# Now this is DRESSAGE



## Spyder (Jul 27, 2008)

The new dutch champion Edward Gal and Totilas 

Awesome

MainMenu Topdressage.TV

Go to just arrived....then Dutch Championships Edward.....a pop up will come on (so make sure you allow pop ups) and enjoy.


----------



## Solange (Mar 15, 2009)

I'm going to his stud on 28th of march for a stallionshow.. He can ride can't he. He's got a talentshow on this year. It's ashame I can't ride.. O.O


----------



## koomy56 (Jan 19, 2008)

Wow, awesome. Thanks for sharing


----------



## koomy56 (Jan 19, 2008)

Do you know if it is Edward Gall?


----------



## IrishRider (Aug 7, 2008)

That horse never even looked like it touched the ground. Beautiful!


----------



## Skippy! (Dec 18, 2006)

Wow.

That horse does Dressage very, very well. Whenever I go to my events, I often watch the horses being warmed up to see how "loud" the tail is. The steadier the tail, the more the horse "gets it" rather than being forced into it. Some rides you can look at the horse and just know its ****ed to high heck about the ride and that it is very, VERY tense and being shoved into false bends. Its amazing that some of the Grand Prix horses I watch perform actually PASSED the lower levels because of the amount of resistance they have in every single ride. e.e;; This is why taking your time in training is important.
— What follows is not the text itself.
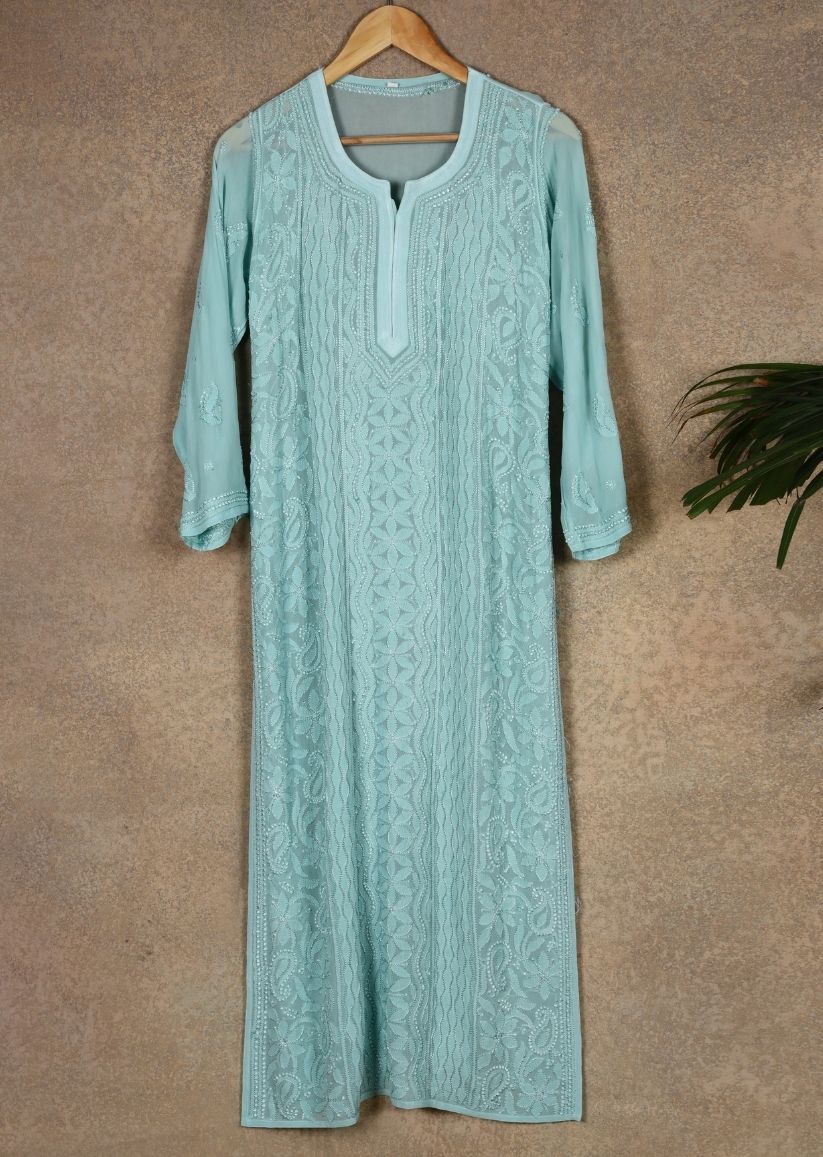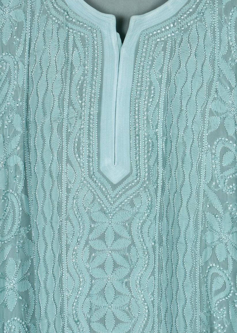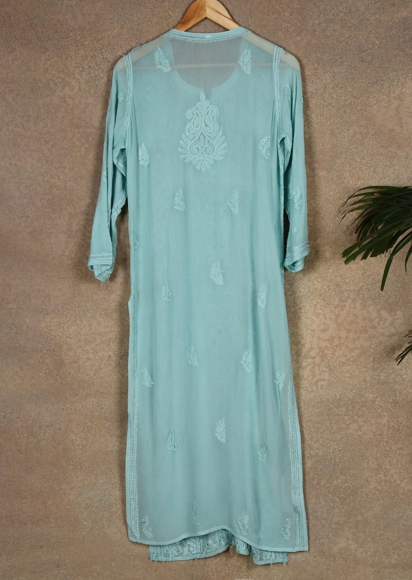 Firgun Sea Green Lucknowi Chikankari Viscose Georgette Kurta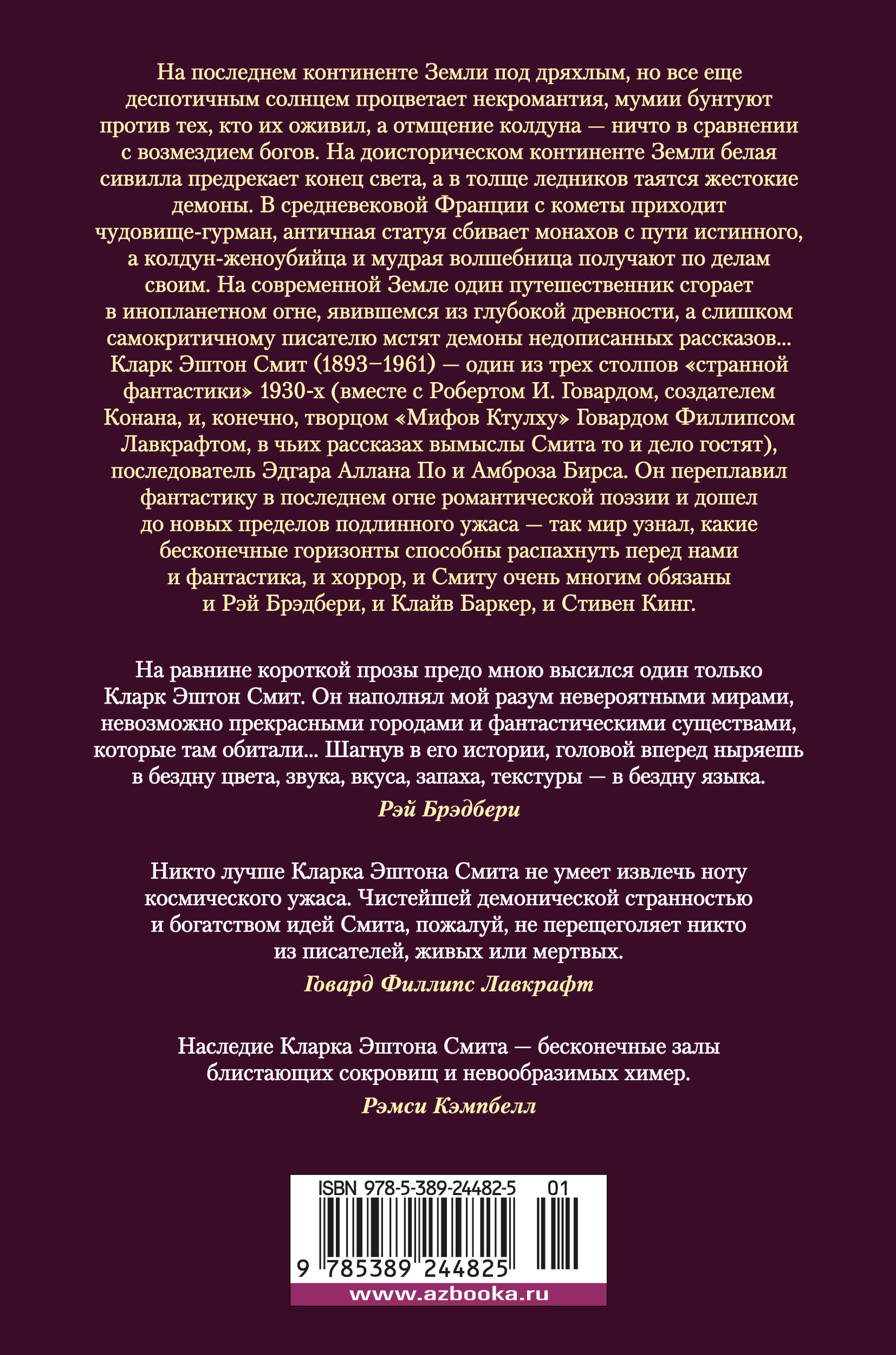 На последнем континенте Земли под дряхлым, но все еще деспотичным солнцем процветает некромантия, живыми правит бог смерти, мумии бунтуют против тех, кто их оживил, а отмщение колдуна - ничто в сравнении с возмездием богов. На доисторическом континенте Земли загадочная белая сивилла предрекает катастрофы, а в толще ледников таятся жестокие демоны. В средневековой Франции с кометы приходит чудовище-гурман, античная статуя сбивает монахов с пути истинного, а колдун-женоубийца и мудрая волшебница получают по делам своим. На современной Земле коллекционер странного безвозвратно погружается во времена, что предшествовали первобытным, путешественник сгорает в инопланетном огне, явившемся из глубокой древности, а слишком самокритичному писателю мстят демоны недописанных рассказов... Кларк Эштон Смит (1893-1961) - один из трех столпов "странной фантастики" 1930-х (вместе с Робертом И. Говардом, создателем Конана, и, конечно, творцом "Мифов Ктулху" Говардом Филлипсом Лавкрафтом, в чьих рассказах вымыслы Смита то и дело гостят), последователь Эдгара Аллана По и Амброза Бирса. Он переплавил фантастику в последнем огне романтической поэзии и дошел до новых пределов подлинного ужаса - так мир узнал, какие бесконечные горизонты способны распахнуть перед нами и фантастика, и хоррор, и Смиту очень многим обязаны и Рэй Брэдбери, и Клайв Баркер, и Стивен Кинг. В этом сборнике представлены работы 1932-1935 годов, периода бурного расцвета Смита как рассказчика, а также его менее многочисленные позднейшие тексты; большинство рассказов здесь публикуются в новых переводах.| Издательство | Азбука-Аттикус Издат.группа ООО |

This horse shows us that!

This horse really gets it. The cues on the rider seemed a little loud to me (usually I can't watch the horse being asked to perform the next move, but in this video I could see every transition through the rider's legs) BUT.. i am MUCH happier/satisfied/impressed to see less subtle cues if it means the horse is supple and willing. The horse gets it, and the pair look like they are working with eachother, not against eachother.

Thanks for the share Spyder!


----------



## amandaandeggo (May 21, 2008)

none of you will belive me but my tb has a piffafe to beat that and hes my hunter horse **** its amazing to ride =)


----------